Updating Our Map
Today's post marks a turning point in our coverage of the common standards: the revision of our widely followed map of state adoptions.Here is where things stand now:
Indiana made us do it. As you probably already know, because my intrepid colleague Andrew Ujifusa reported it last week, Indiana has become the first state to officially reverse its adoption of the Common Core State Standards. So our map must now show not only adoptions but un-adoptions.
Okay, so un-adoptions isn't a word. But you get the point. We're not talking here about the many anti-common-core debates that have cropped up in state legislatures again and again, which die in committee or never get enough traction to change a state's official embrace of the common core. (Andrew's anti-common-core bill-tracker shows those bills.)
We're also not talking about states that add some of their own stuff to the common core. We're talking about full-scale, official reversals that mean the common core is no longer in force in a state. That's what happened in Indiana. That's why we needed to revise our map to keep you abreast of the national state of play on the standards. And we'll continue to do so as the landscape changes.
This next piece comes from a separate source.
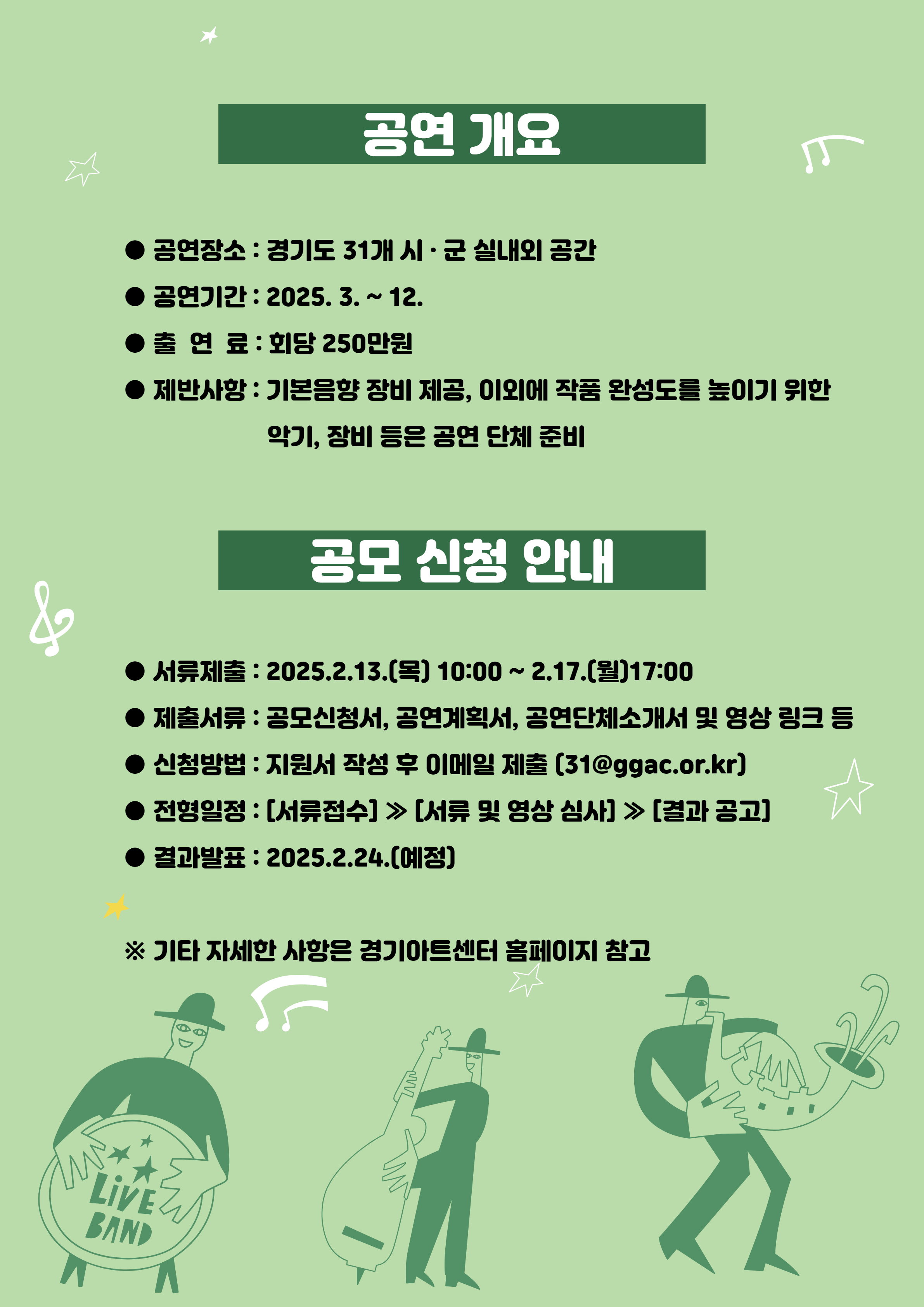 선정된 단체들은 2025년 12월까지 경기아트센터가 주관하는 다양한 공연에 참여하게 된다.

Quite a change from when we first launched our map in July of 2010, when New Hampshire marked the half-way point in what was then a growing tidal wave of common-core adoptions.
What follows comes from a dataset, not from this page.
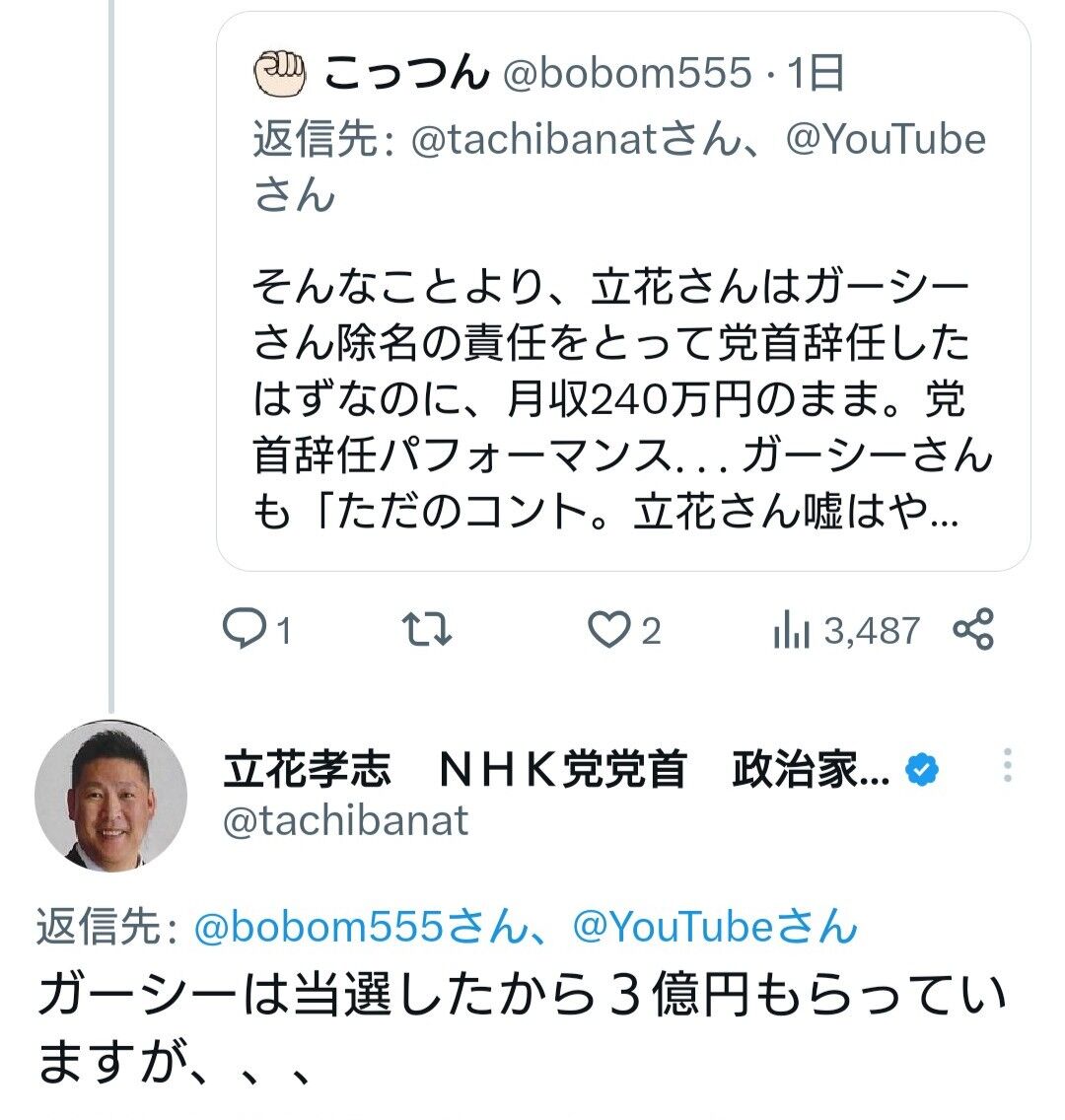 ガーシー、当選したらN党から政党助成金の3億円を貰う約束で出馬していた! 立花氏も認める「ガーシーは当選したから3億もらってます」

We began reporting on the adoptions in February of 2010, when Kentucky became the first state to do so, four months before the final, official standards were released (they made their decision based on drafts they'd reviewed). By November of 2011, with Montana's adoption, 46 states and the District of Columbia had adopted the standards. Ever since, we've been saying "all but four states" have adopted them. Now, with Indiana's move, we'll get accustomed to saying "all but five states."